Hill: Yeah, so sharing the knowledge that we receive is part of NASA mission, right? So, everything that we’re doing should be passed forward to the public, which include includes the firefighter crews and their teams that are, you know, currently in these environments, working and fighting these fires. 

Host: I do like learning from you the term Air Boss. I hadn’t heard that before, so that’s a term that’s wildfire management, correct? 

Hill: Yeah, that’s correct. So, the Air Boss kind of acts as a flying ATC tower, right? And he gives out all the instructions to the aircraft coming in and out of what would actually be a TFR, or flight restricted area. And that would allow the, you know, continuation of all the aircraft going in and out at the low distances that these aircraft need to be at.

Host: With UAS, with these drones, you’re looking to complement, especially at night, right, when it’s less safe to fly, when it’s less safe for a pilot to fly. 

Hill: Yeah, so, as it is today, for the most part, we ground all manned aircraft at night because, you know, there’s no lights on the mountains, and we don’t want these aircraft get flying into a dangerous area. Now, we do have aircraft that have terrain following and things like that, but the UAS are, in a lack of a better term, much more replaceable than a manned aircraft.

Host: Can you share any lessons learned from ACERO so far? 

Hill: far? Well, California has some of the best burritos I’ve ever eaten! But seriously, we have learned a lot of great takeaways from our flight demonstration. In particular, we learned a lot about the complex integration of flying multiple UAS in a confined airspace, and what it takes to really do that safely. 

A major takeaway that I received was that the communication line from the aircraft to the ground systems to everybody else is vital for all crews. It’s not just vital for our crew flying the aircraft, but for the other crews that are in the area need to know what’s going on with us as well. 

Host: Patrick, one more question for you. What was your giant leap? 

Hill: Yeah. So, my giant leap started way back when I was in college. My intent was to go to school and become an airline pilot.
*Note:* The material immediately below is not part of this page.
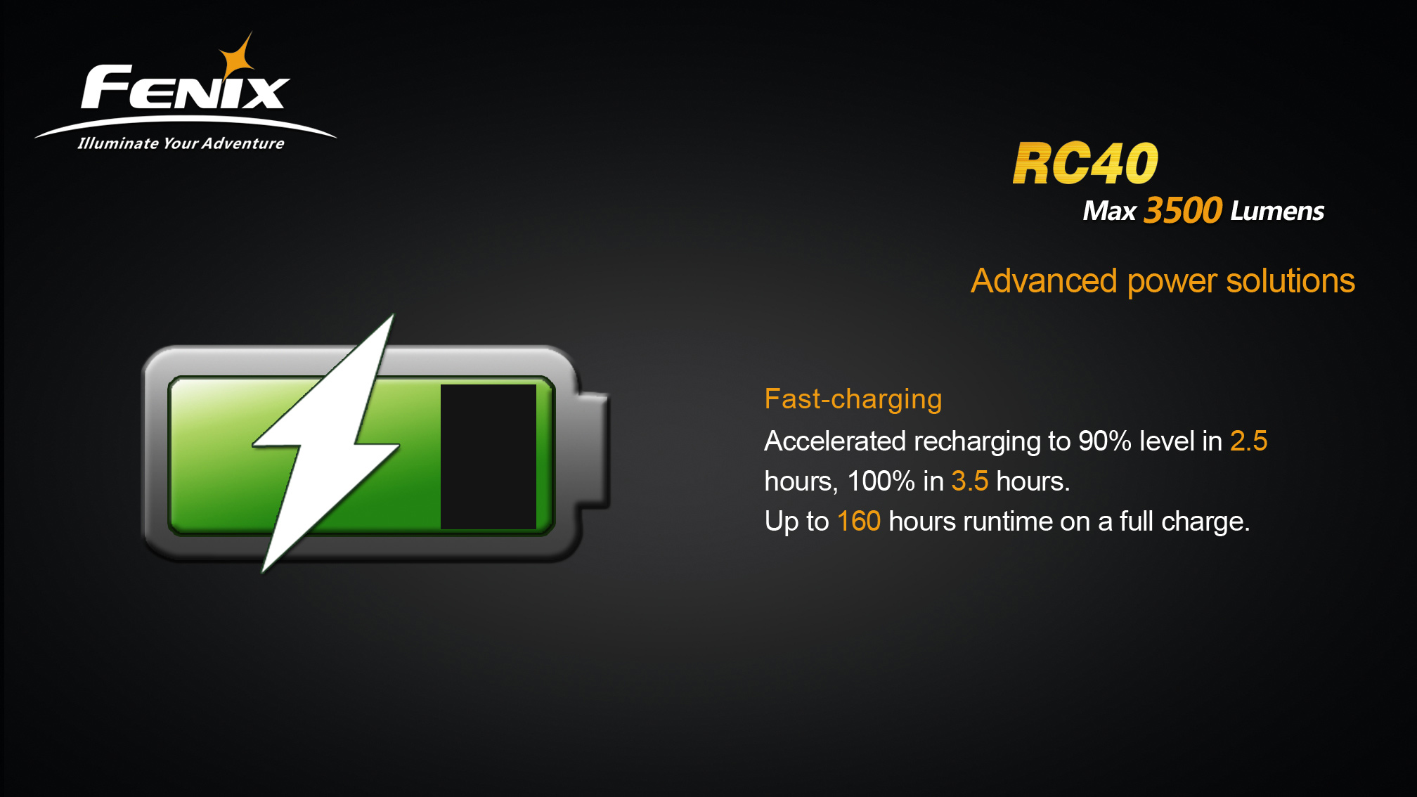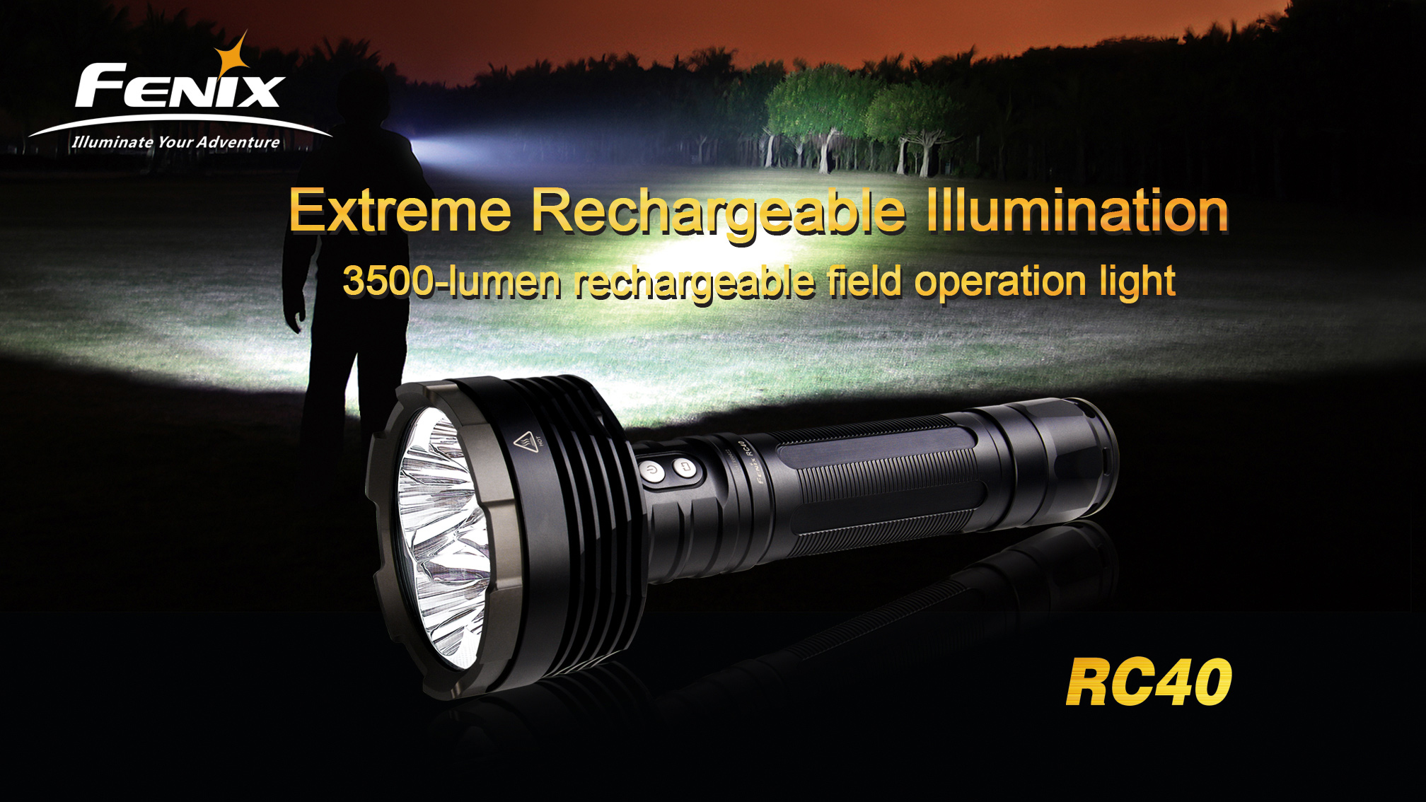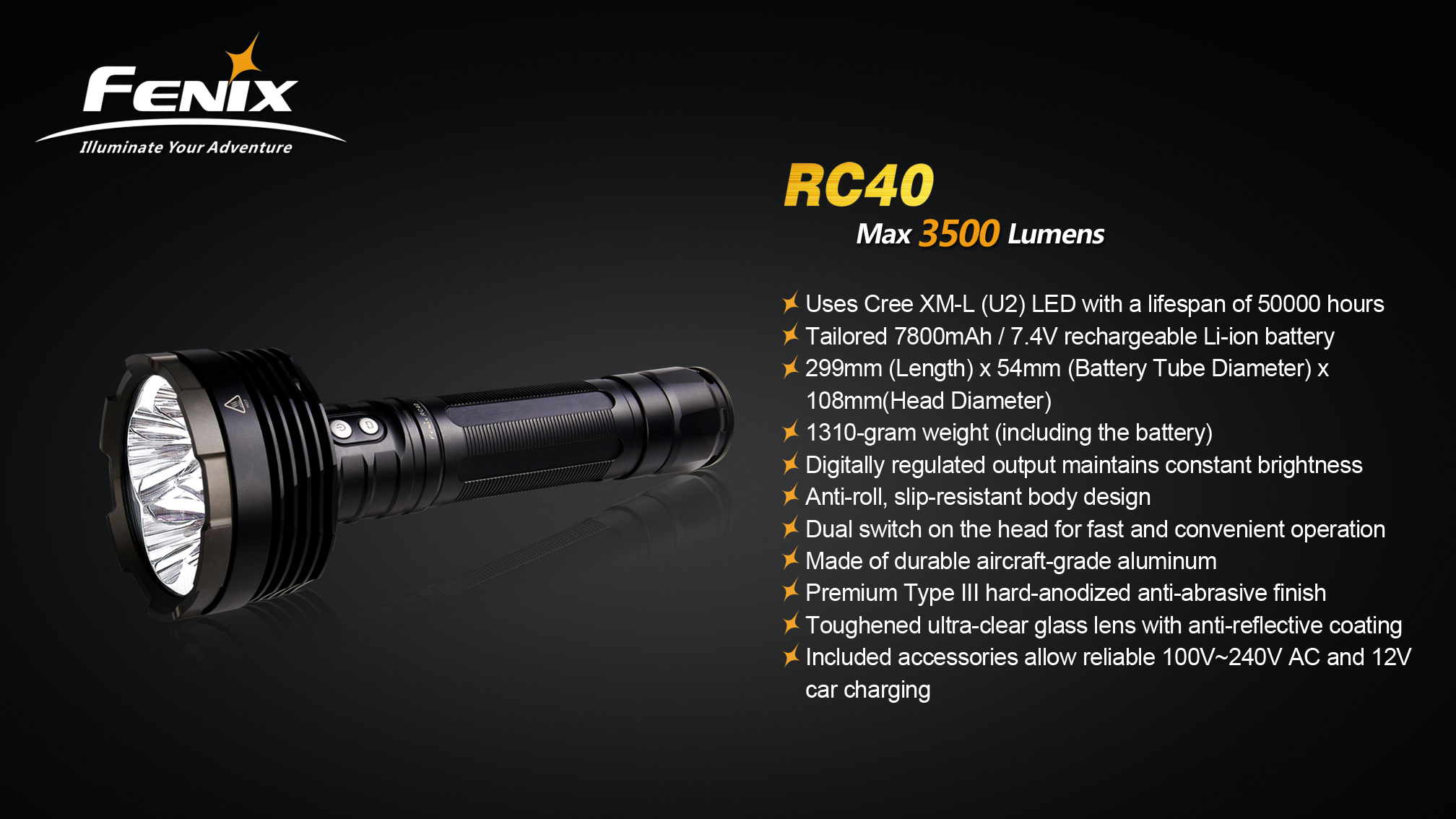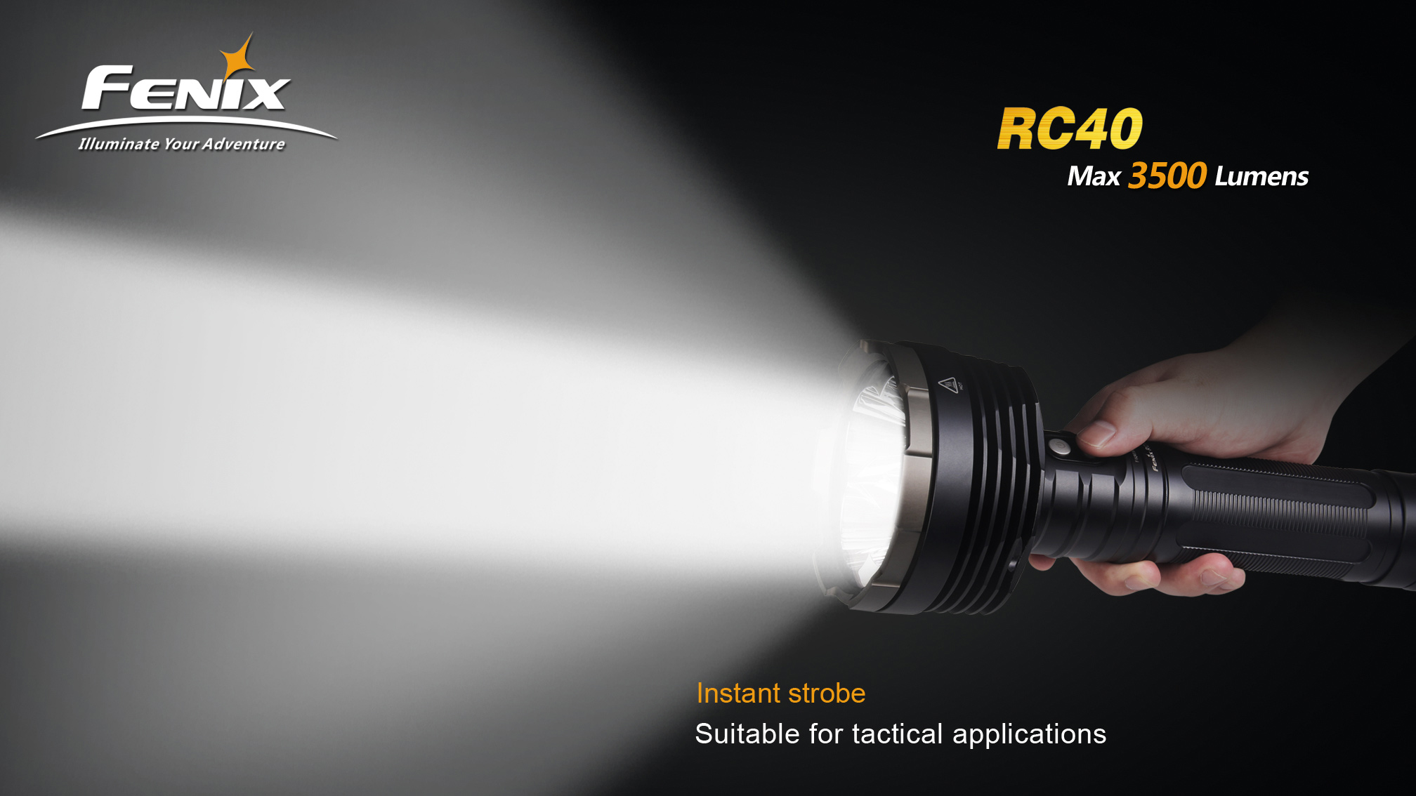 Fenix RC40 je ultra výkonne akumulátorové svietidlo, ktoré ponúka svetelný tok až 3500 ANSI lúmenov a špičkový dosvit cez 710 metrov. Celkom šesť digitálne regulovaných režimov svietenia pre možnosť voľby medzi maximálnym výkonom a výdržou (až 160 hodín). Ergonomické ovládanie pomocou dvoch tlačidiel na boku svietidla. Bezkonkurenčného výkonu bolo dosiahnuté použitím štyroch špičkových LED Cree XM-L U2 a napájaním z interného li-ion akumulátoru s kapacitou 57,7 Wh. Toto ručné svietidlo je vhodné napríklad pre záchranárov, prieskumné operácie, dohľadávku, pohyb v ťažkom teréne a pre všetkých, ktorí sa uspokoja len s tým najlepším.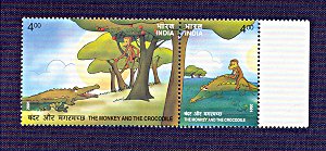 2001 Full Setanant Set of Four Fable Stamp Pairs from India. Mint. Never hinged. Both stamps in each pair are marked "400." $8.50 from Vasanthi Balson, Columbus, OH, through eBay, Oct., '02.One extra set from the same source at the same price at the same time.

The way my major worked, I was able to take some classes studying UAS, and I was immediately sucked. In my second year of school, I took my giant leap, stepping away from my original major to study UAS, and I’ve never looked back. That decision has taken me places that I’d never have gone otherwise, like working for NASA. 

Host: Do you think when you like your own, like pilot’s license just for recreation? 

Hill: Yeah, so I actually have 70 hours in a crude aircraft, which is a stone’s throw away. I should probably have my license already, to be honest.  

[Laughter] 

But just the way things have worked, and I’ve got I’ve gained those hours in very short bursts many times. So, I reached the point to take my test several times and then gone back to restudy. But yes, I think one day in my future, I will be flying myself. 

Host: There have to be many pilots there at Langley, correct? Like, recreational? 

Hill: Yeah, yeah. So I think most of the people I work with have their own license or in some like, shape or form. We have a lot of glider pilots here, actually, which is, you know, that’s not something you see every day or run into, so, quite unique for the people that we have. But their skills are some of the best I’ve ever seen. 

Host: That’s pretty great. Do you have any closing words for anybody who wants to pursue a career at NASA and something you’d follow in your footsteps, perhaps? 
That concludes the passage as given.